■ Task
Please transcribe the listing below in full, exactly as written, leaving out its pictures.
--- Supplied information ---
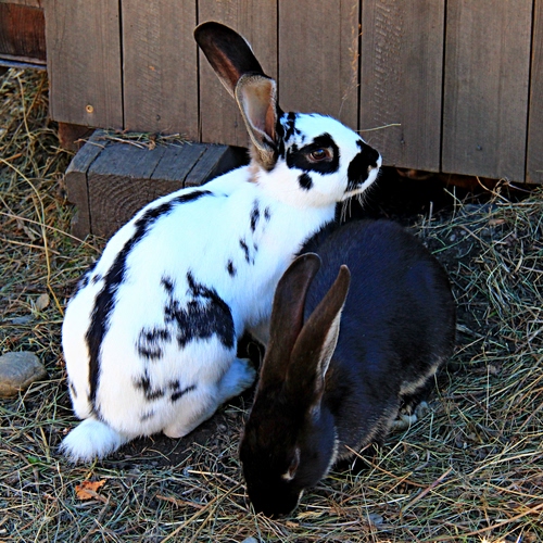 Tag: conigli, animali, nero, bianco, orecchie, paglia, legno, due, erba, coda, coppia, fieno, occhi.
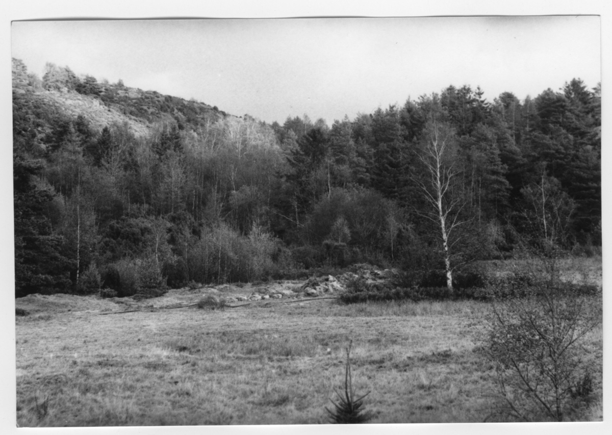 'Bildtext: ''Sedimentficka. Riktning 82.'' :: :: Ingår i serie med fotonr. 6970:1-1125, dokumentation av Hisingens naturgeografi, visande landskapsformerna i stora drag och gjord inför exploateringen av området. Platserna för fotograferingen finns utsatta på karta i skala 1:4000 som finns på Göteborgs Naturhistoriska musem. Fotoriktningen mättes med kompass i gammalgrader.'
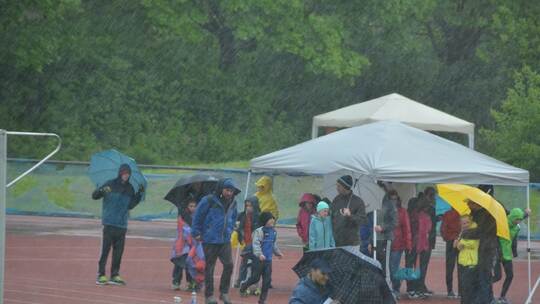 Die von der LG Stein-Eisingen organisierte Veranstaltung auf dem Königsbacher Sportgelände „Plötzer“ wurde am Samstagvormittag witterungsbedingt vorzeitig abgebrochen. Auf der Tartanbahn hatten sich große Pfützen gebildet. Die drei aufgebauten Pavillione wurden vom Wind erfasst und weggeweht. Etliche Athleten meldeten sich aufgrund der Witterung spontan wieder ab und fuhren nach Hause. Nach einer halben Stunde entschloss man sich in Abstimmung mit der Wettkampfaufsicht schweren Herzens zum Abbruch. Zu diesem Zeitpunkt hatte nur ein kleiner Teil der Wettkämpfe stattgefunden. „Wir machen das mittlerweile seit 28 Jahren“, sagte Jürgen Schmitt: „Aber mir denkt es nicht, dass wir jemals hätten abbrechen müssten.“ Zusammen mit seiner Frau Yvonne hatte er die Bahneröffnung federführend organisiert. Den Abbruch der Veranstaltung bedauerten beide sehr, gerade auch mit Blick auf die vielen ehrenamtlichen Helfer. Mehr als 200 Teilnehmer aus knapp 20 Vereinen hatten sich im Vorfeld angemeldet, die meisten Kinder und Jugendliche. Nachgeholt wird die Veranstaltung nicht. Die Ergebnisse der wenigen bis zum Abbruch ausgetragenen Wettkämpfe gibt es im Internet: www.ladv.de.
---
■ Response box
 Tag: conigli, animali, nero, bianco, orecchie, paglia, legno, due, erba, coda, coppia, fieno, occhi.
 'Bildtext: ''Sedimentficka. Riktning 82.'' :: :: Ingår i serie med fotonr. 6970:1-1125, dokumentation av Hisingens naturgeografi, visande landskapsformerna i stora drag och gjord inför exploateringen av området. Platserna för fotograferingen finns utsatta på karta i skala 1:4000 som finns på Göteborgs Naturhistoriska musem. Fotoriktningen mättes med kompass i gammalgrader.'
 Die von der LG Stein-Eisingen organisierte Veranstaltung auf dem Königsbacher Sportgelände „Plötzer“ wurde am Samstagvormittag witterungsbedingt vorzeitig abgebrochen. Auf der Tartanbahn hatten sich große Pfützen gebildet. Die drei aufgebauten Pavillione wurden vom Wind erfasst und weggeweht. Etliche Athleten meldeten sich aufgrund der Witterung spontan wieder ab und fuhren nach Hause. Nach einer halben Stunde entschloss man sich in Abstimmung mit der Wettkampfaufsicht schweren Herzens zum Abbruch. Zu diesem Zeitpunkt hatte nur ein kleiner Teil der Wettkämpfe stattgefunden. „Wir machen das mittlerweile seit 28 Jahren“, sagte Jürgen Schmitt: „Aber mir denkt es nicht, dass wir jemals hätten abbrechen müssten.“ Zusammen mit seiner Frau Yvonne hatte er die Bahneröffnung federführend organisiert. Den Abbruch der Veranstaltung bedauerten beide sehr, gerade auch mit Blick auf die vielen ehrenamtlichen Helfer. Mehr als 200 Teilnehmer aus knapp 20 Vereinen hatten sich im Vorfeld angemeldet, die meisten Kinder und Jugendliche. Nachgeholt wird die Veranstaltung nicht. Die Ergebnisse der wenigen bis zum Abbruch ausgetragenen Wettkämpfe gibt es im Internet: www.ladv.de.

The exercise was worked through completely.